| TASK STATEMENT |
Retype the listing exactly. Leave out the images.

--- RECORDED DATA Enclosed Below ---

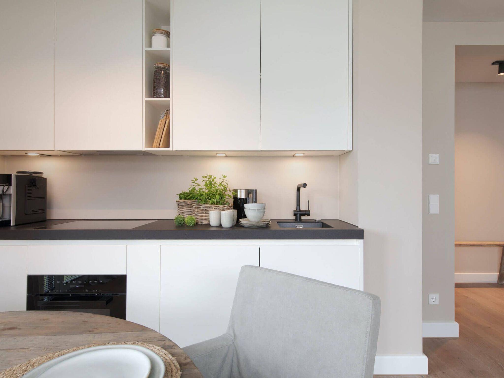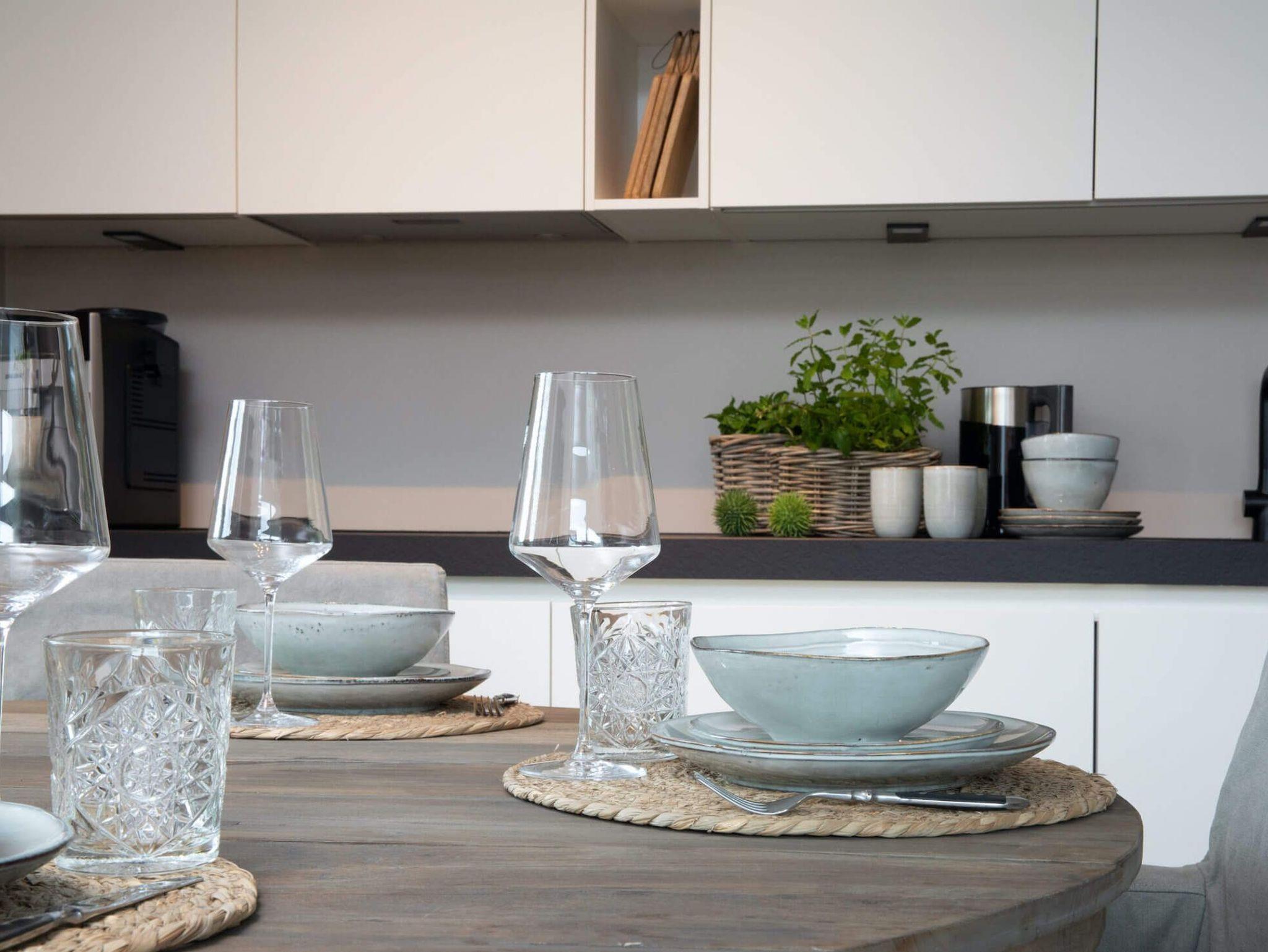 Die voll ausgestattete Küche bietet Ihnen die Möglichkeit, Ihre eigenen Mahlzeiten zuzubereiten. Sie finden alle notwendigen Geräte und Utensilien, um köstliche Gerichte zuzubereiten. Ein Esstisch steht ebenfalls zur Verfügung, so dass Sie Ihre Mahlzeiten bequem einnehmen können oder auf der großzügigen Süd-Terrasse.
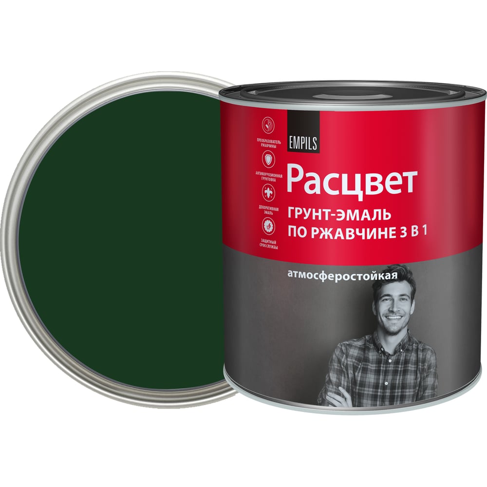 Грунт-эмаль по ржавчине Расцвет алкидная, темно-зеленая, 2.7 кг 72963
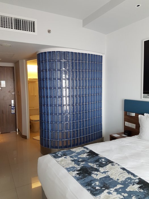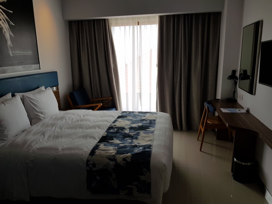 Min väska kommer bland de första och nu ska jag alltså försöka få tag på en Taxi till mitt hotell som ligger ca 1,5km bort. Har ingen större lust att släpa väskorna även om det hade gått bra att gå sträckan om man velat. Först gör jag ett försök med Uber men det är lönlöst, de är tydligen inte välkomna på flygplatsen. Går istället ner till taxi-gänget och de vill ha 100.000 pengar för att köra mig till mitt hotell, Uber skulle ha kostat 17k så man känner sig ju rätt blåst men inte så mycket att göra, det är trots allt bara ca 70 kronor. Min chaufför kör mig till Holiday Inn Express Baruna där jag ska bo första natten och jag börjar förstå vad de menar med trafiken här. Chauffören försökte även få mig att betala flygpaltsavgiften vilket jag inte hade någon större lust med då de redan fått överbetalt

--- End of Enclosed RECORDED DATA ---

| FINISHED EXERCISE |
 Die voll ausgestattete Küche bietet Ihnen die Möglichkeit, Ihre eigenen Mahlzeiten zuzubereiten. Sie finden alle notwendigen Geräte und Utensilien, um köstliche Gerichte zuzubereiten. Ein Esstisch steht ebenfalls zur Verfügung, so dass Sie Ihre Mahlzeiten bequem einnehmen können oder auf der großzügigen Süd-Terrasse.
 Грунт-эмаль по ржавчине Расцвет алкидная, темно-зеленая, 2.7 кг 72963
 Min väska kommer bland de första och nu ska jag alltså försöka få tag på en Taxi till mitt hotell som ligger ca 1,5km bort. Har ingen större lust att släpa väskorna även om det hade gått bra att gå sträckan om man velat. Först gör jag ett försök med Uber men det är lönlöst, de är tydligen inte välkomna på flygplatsen. Går istället ner till taxi-gänget och de vill ha 100.000 pengar för att köra mig till mitt hotell, Uber skulle ha kostat 17k så man känner sig ju rätt blåst men inte så mycket att göra, det är trots allt bara ca 70 kronor. Min chaufför kör mig till Holiday Inn Express Baruna där jag ska bo första natten och jag börjar förstå vad de menar med trafiken här. Chauffören försökte även få mig att betala flygpaltsavgiften vilket jag inte hade någon större lust med då de redan fått överbetalt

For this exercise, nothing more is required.